• _TASK DIRECTIONS_
Each line below must be transcribed exactly, and no picture may appear in the transcription.

• _COLLECTED MATERIAL_

[Start of section]

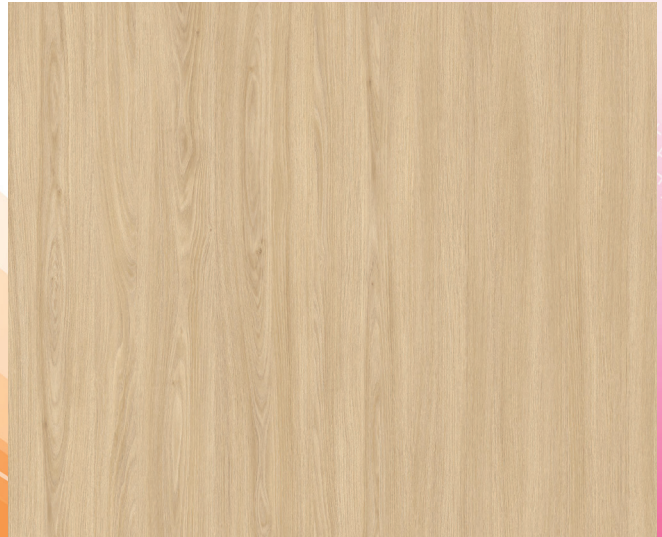
V591WT MIEL D'ACACIA / ACACIA HONEY
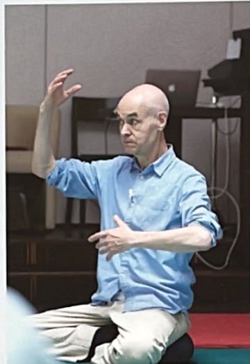
Aufmerksame ZuhörerIn bei einer Demonstration von Nick Pole in seinem Workshop zu Sprache des Traumas
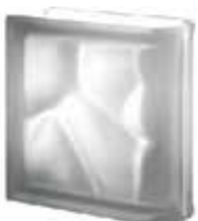
NORDICA TER LINEARE O SAHARA SAP CODE: 124370 EURO: 45

[End of section]

• _TASK RESULT_
V591WT MIEL D'ACACIA / ACACIA HONEY
Aufmerksame ZuhörerIn bei einer Demonstration von Nick Pole in seinem Workshop zu Sprache des Traumas
NORDICA TER LINEARE O SAHARA SAP CODE: 124370 EURO: 45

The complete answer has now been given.